Selves and Other Texts
- Copyright: 2001
- Dimensions: 6 x 9
- Page Count: 224 pages
- Hardcover ISBN: 978-0-271-02150-8
- Paperback ISBN: 978-0-271-02345-8
“This book [presents] a bold and eloquent defense of ‘cultural realism’. . . as this applies to the arts and, in lesser degree, history and literature. Throughout, major epistemological and metaphysical issues—especially those raised by the artwork (e.g., its ontological status, its referential powers, holism, its constative claims, etc.)—are addressed, with ingenious and intriguing solutions offered, fresh at every turn. . . . A distinctive contribution of this book is its catholicity of outlook, which allows Margolis to draw upon and merge the best insights of both analytical and continental traditions in philosophy. There is no one in today’s philosophical world who has a comparable mastery of both of these often antithetical traditions—and who is able to combine them so skillfully and creatively. . . . The result is a book that will be of broad appeal to practitioners and students of both schools of philosophical thought. . . . No other book combines such an effective critique of the views of others in aesthetics and the humanities generally with such an original point of view as his own.”
“This is a truly thought provoking and surprisingly easily understood text that should be read by not only philosophers, but artists and historians as well.”

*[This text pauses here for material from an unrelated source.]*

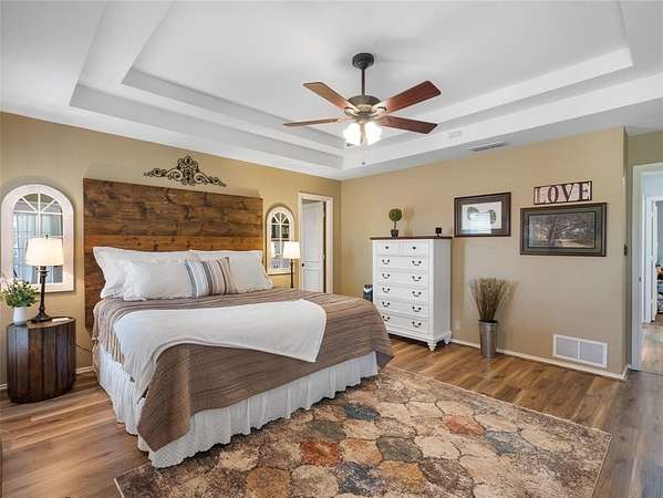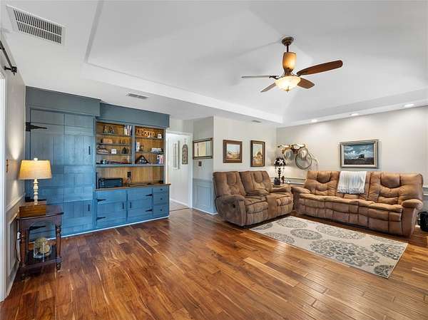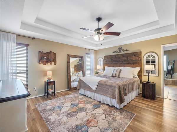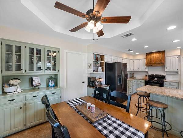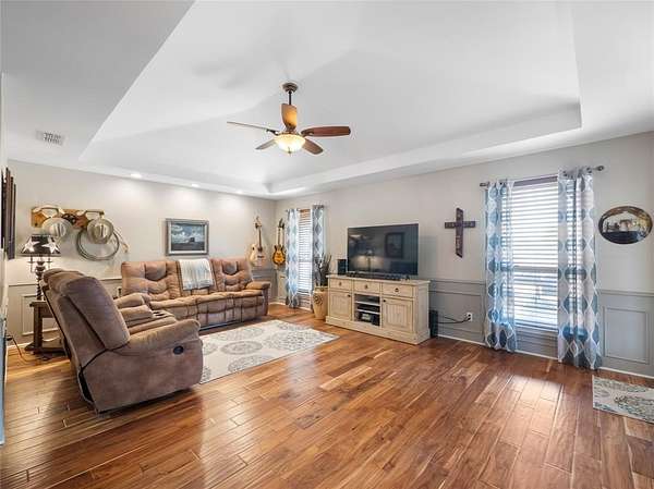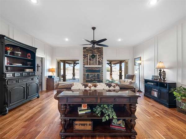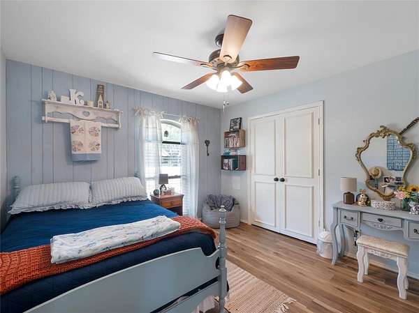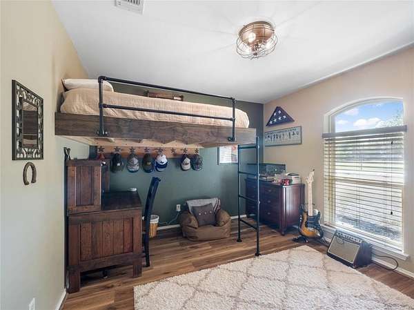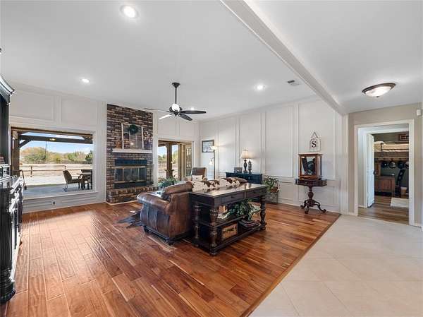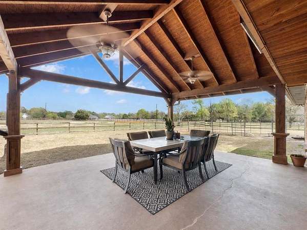 This Ranch style home is nestled on a sprawling two-acre lot within the highly coveted Lovejoy ISD. From the moment you enter this home you are met with the warmth of the Farmhouse charm with beamed ceilings, rich wood treatments, and massive windows that bathe the home in natural light and overlook the backyard. Designed for comfortable daily living, the floor plan offers two oversized living areas. The kitchen is updated with ship lapped walls, painted cabinetry, open shelving, and a farmhouse-style wooden range hood. Enjoy your morning coffee in the sun-drenched dining area, complete with a bay window, built-in hutch, and planning desk. Retreat outdoors to your own backyard paradise. Whether you are sipping iced tea under the cedar-covered back porch, hosting a summer barbecue on the open patio, or tending to horses in the on-site barn, this property offers the ultimate Texas lifestyle. Property Highlights & Features - Premium Acreage: 2 pristine acres, fully fenced and cross fenced with a 4-rail pasture fence. Equestrian Ready: Functional horse stable and barn with water and electricity. Storage Galore: Oversized garage with built-in storage, a Wall Control garage organizer, and massive walk-in closets throughout. Warm Custom Details: Shiplap accent walls, custom cabinetry, and exquisite wood paneling. Peace of Mind: including a mosquito misting system, advanced security cameras, and a Leaf Filter gutter system.

Extending his well-known investigations into the nature and logic of art and history in the cultural world, Joseph Margolis here offers a sustained account of how selves and the cultural phenomena they generate (language, history, action, art) can be viewed as just as "real" as the physical nature from which they are emergent, while not being reducible to it. The book starts off with a review of prominent philosophies of art over the past half-century, focusing especially on Beardsley, Goodman, and Danto, so as to highlight the need for carefully distinguishing between the metaphysical and epistemological features of physical nature and human culture. The second part of the book builds on the first part's analyses of artworks to propose a theory of selves as "self-interpreting texts." Selves and Other Texts aims to develop new ways of understanding the conceptual inseparability of our analysis of physical nature and our analysis of ourselves.